■ Supplied data
☆ ☆ ☆ ☆ ☆
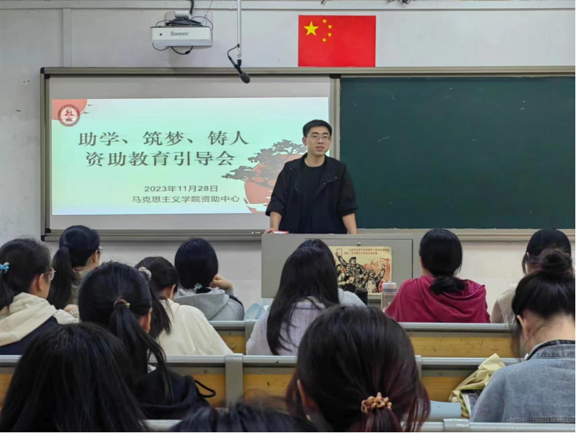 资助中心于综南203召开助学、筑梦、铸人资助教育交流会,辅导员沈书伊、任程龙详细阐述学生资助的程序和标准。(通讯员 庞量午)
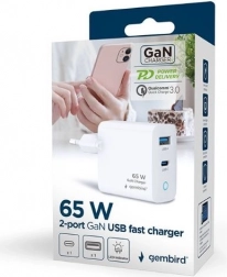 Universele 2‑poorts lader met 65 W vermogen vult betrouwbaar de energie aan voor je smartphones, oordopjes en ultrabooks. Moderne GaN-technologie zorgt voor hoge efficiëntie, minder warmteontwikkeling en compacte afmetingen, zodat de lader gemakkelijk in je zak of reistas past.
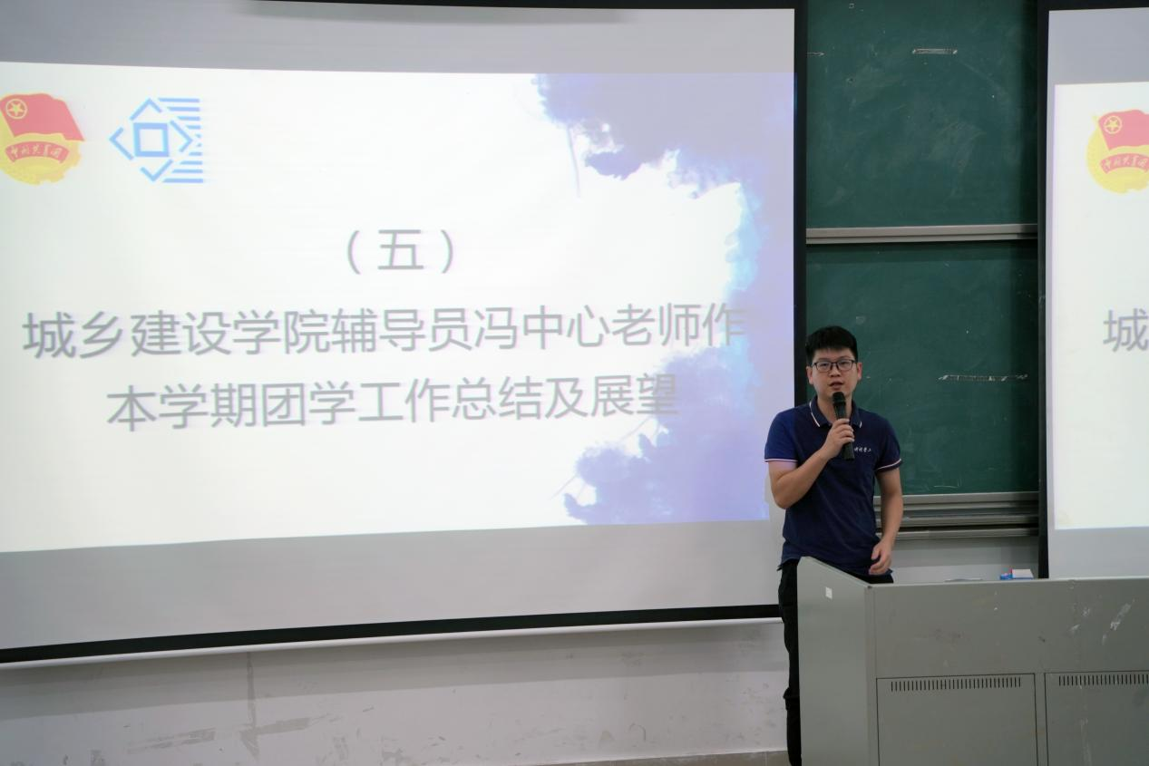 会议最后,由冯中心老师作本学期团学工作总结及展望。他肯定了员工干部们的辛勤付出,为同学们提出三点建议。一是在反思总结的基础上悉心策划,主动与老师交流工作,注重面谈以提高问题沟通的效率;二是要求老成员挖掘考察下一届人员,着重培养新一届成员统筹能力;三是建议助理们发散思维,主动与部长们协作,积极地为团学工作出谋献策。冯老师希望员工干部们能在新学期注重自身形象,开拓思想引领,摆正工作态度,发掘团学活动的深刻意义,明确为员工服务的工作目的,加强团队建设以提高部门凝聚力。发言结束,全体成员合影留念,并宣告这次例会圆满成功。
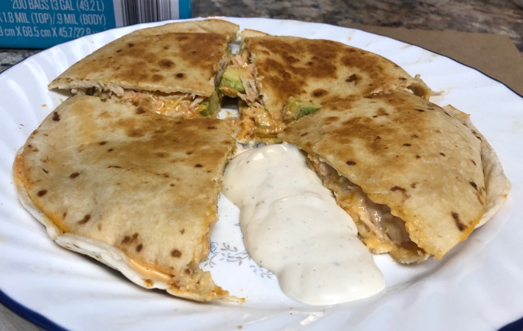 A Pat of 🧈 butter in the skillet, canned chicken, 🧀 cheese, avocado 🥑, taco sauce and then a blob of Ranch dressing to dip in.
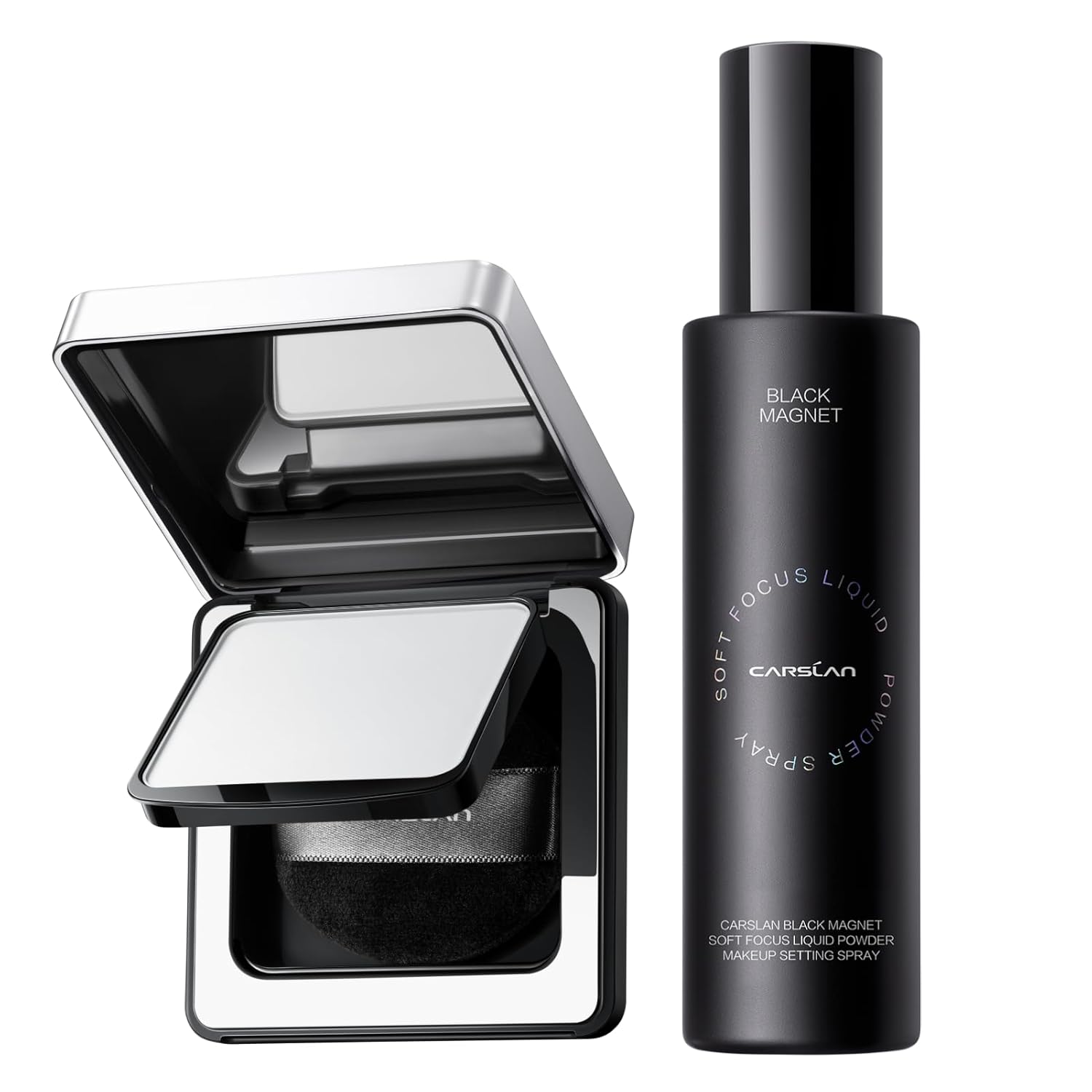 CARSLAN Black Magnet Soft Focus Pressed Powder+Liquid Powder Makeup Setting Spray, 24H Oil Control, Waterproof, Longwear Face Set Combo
☆ ☆ ☆ ☆ ☆
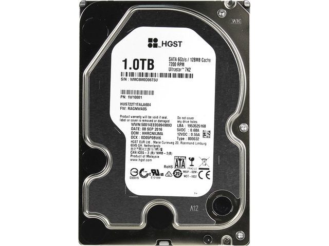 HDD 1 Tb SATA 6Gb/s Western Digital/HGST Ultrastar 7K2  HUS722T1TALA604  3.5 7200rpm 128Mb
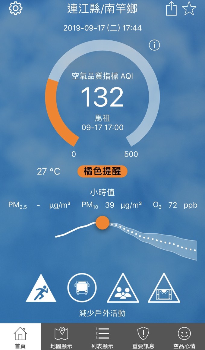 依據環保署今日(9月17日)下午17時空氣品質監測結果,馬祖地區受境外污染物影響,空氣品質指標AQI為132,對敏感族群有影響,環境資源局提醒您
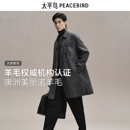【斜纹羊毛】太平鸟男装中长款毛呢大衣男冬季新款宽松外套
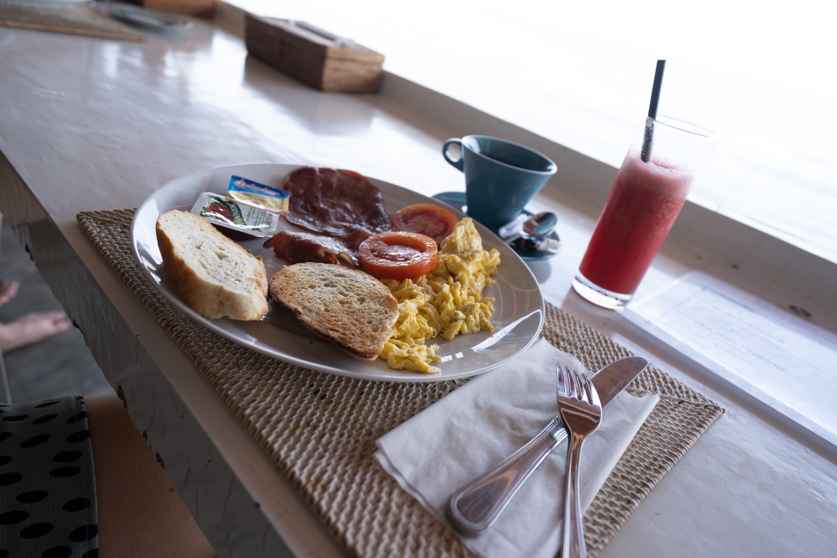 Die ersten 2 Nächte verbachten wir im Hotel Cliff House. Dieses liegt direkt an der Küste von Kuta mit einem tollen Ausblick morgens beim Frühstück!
☆ ☆ ☆ ☆ ☆
■ Work to complete
Your answer must be the lines above from the one holding "资助中心于综南203召开助学" up to and including the one holding "Universele 2‑poorts lader", exact and with no pictures.

■ Exercise result
 资助中心于综南203召开助学、筑梦、铸人资助教育交流会,辅导员沈书伊、任程龙详细阐述学生资助的程序和标准。(通讯员 庞量午)
 Universele 2‑poorts lader met 65 W vermogen vult betrouwbaar de energie aan voor je smartphones, oordopjes en ultrabooks. Moderne GaN-technologie zorgt voor hoge efficiëntie, minder warmteontwikkeling en compacte afmetingen, zodat de lader gemakkelijk in je zak of reistas past.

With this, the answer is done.